»»

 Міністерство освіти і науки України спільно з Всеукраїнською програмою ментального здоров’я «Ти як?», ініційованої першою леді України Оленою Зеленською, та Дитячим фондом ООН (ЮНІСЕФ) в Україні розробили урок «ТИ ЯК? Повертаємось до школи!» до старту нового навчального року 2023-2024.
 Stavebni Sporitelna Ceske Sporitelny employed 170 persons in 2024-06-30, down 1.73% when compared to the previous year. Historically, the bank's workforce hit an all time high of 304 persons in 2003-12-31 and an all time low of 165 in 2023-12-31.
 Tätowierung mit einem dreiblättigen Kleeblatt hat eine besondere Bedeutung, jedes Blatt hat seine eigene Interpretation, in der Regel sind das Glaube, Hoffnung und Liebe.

««
»»

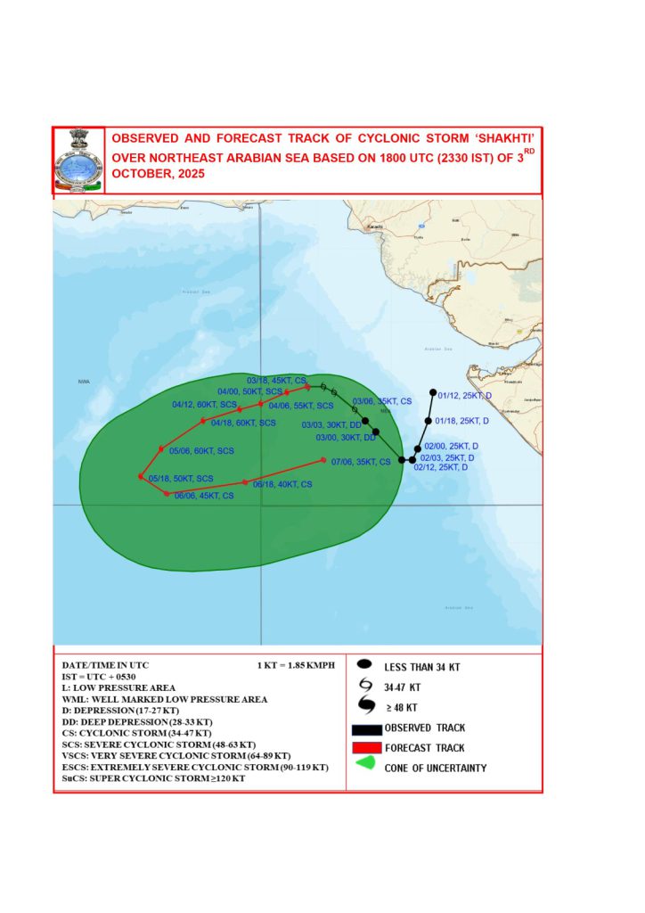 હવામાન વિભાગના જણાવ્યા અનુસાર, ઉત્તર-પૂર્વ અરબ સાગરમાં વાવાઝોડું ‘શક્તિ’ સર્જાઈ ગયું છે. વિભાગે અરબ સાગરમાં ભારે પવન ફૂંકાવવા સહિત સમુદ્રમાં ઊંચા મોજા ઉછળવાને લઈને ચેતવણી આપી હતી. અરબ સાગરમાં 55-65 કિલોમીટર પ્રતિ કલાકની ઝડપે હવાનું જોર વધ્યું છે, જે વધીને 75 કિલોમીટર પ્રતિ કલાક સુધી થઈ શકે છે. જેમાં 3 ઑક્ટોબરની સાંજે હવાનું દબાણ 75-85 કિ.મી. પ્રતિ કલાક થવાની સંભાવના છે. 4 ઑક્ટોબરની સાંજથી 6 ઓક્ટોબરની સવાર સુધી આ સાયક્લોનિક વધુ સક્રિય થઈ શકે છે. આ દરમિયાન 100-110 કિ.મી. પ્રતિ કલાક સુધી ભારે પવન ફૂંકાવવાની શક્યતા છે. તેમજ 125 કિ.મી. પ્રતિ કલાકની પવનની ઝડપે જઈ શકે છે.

««
»»

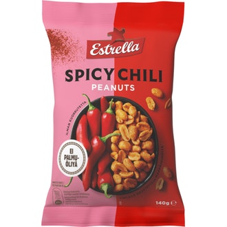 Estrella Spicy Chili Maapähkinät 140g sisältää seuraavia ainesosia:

««

● **ACTIVITY**
Using the data above, reproduce exactly the lines from the line that contains "Міністерство освіти і" through the line that contains "Tätowierung mit einem", including both.

● **REPLY**
 Міністерство освіти і науки України спільно з Всеукраїнською програмою ментального здоров’я «Ти як?», ініційованої першою леді України Оленою Зеленською, та Дитячим фондом ООН (ЮНІСЕФ) в Україні розробили урок «ТИ ЯК? Повертаємось до школи!» до старту нового навчального року 2023-2024.
 Stavebni Sporitelna Ceske Sporitelny employed 170 persons in 2024-06-30, down 1.73% when compared to the previous year. Historically, the bank's workforce hit an all time high of 304 persons in 2003-12-31 and an all time low of 165 in 2023-12-31.
 Tätowierung mit einem dreiblättigen Kleeblatt hat eine besondere Bedeutung, jedes Blatt hat seine eigene Interpretation, in der Regel sind das Glaube, Hoffnung und Liebe.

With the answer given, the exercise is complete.